▶ [What needs to be done]: Repeat the lines below exactly as written, please, from the line with "FENDI MINI F" to the line with "Sen slängde han", both lines included, and no others.

▶ [Entries shown]:
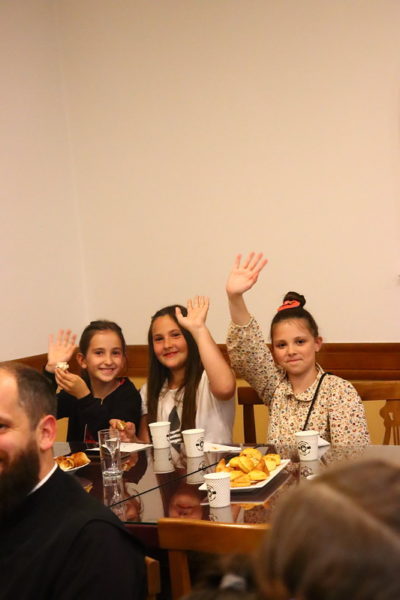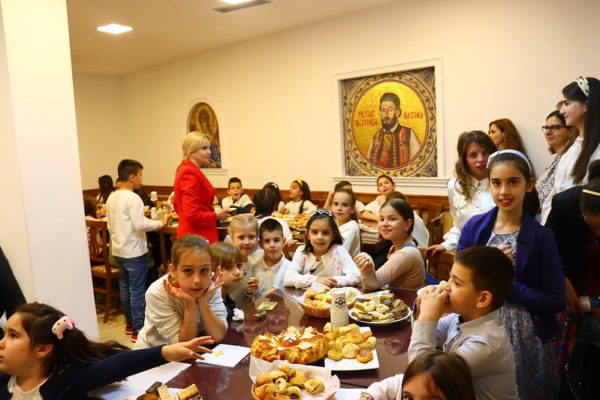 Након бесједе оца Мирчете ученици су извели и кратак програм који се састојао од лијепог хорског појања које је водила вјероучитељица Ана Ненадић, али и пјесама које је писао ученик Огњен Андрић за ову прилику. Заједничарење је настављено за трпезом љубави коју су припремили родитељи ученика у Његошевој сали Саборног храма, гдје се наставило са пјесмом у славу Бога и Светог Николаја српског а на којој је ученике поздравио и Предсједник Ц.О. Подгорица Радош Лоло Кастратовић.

==

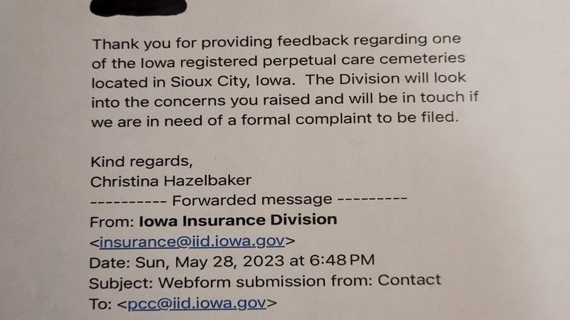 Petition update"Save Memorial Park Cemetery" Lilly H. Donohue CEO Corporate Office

==

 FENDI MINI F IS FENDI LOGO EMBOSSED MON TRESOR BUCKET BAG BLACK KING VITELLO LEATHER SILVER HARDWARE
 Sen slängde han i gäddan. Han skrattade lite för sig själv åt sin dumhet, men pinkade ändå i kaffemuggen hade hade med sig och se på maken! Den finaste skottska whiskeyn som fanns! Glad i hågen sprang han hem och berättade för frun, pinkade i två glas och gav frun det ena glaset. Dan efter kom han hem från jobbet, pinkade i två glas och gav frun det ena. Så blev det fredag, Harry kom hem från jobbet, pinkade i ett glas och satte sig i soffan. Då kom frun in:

▶ [Task solution]:
 FENDI MINI F IS FENDI LOGO EMBOSSED MON TRESOR BUCKET BAG BLACK KING VITELLO LEATHER SILVER HARDWARE
 Sen slängde han i gäddan. Han skrattade lite för sig själv åt sin dumhet, men pinkade ändå i kaffemuggen hade hade med sig och se på maken! Den finaste skottska whiskeyn som fanns! Glad i hågen sprang han hem och berättade för frun, pinkade i två glas och gav frun det ena glaset. Dan efter kom han hem från jobbet, pinkade i två glas och gav frun det ena. Så blev det fredag, Harry kom hem från jobbet, pinkade i ett glas och satte sig i soffan. Då kom frun in:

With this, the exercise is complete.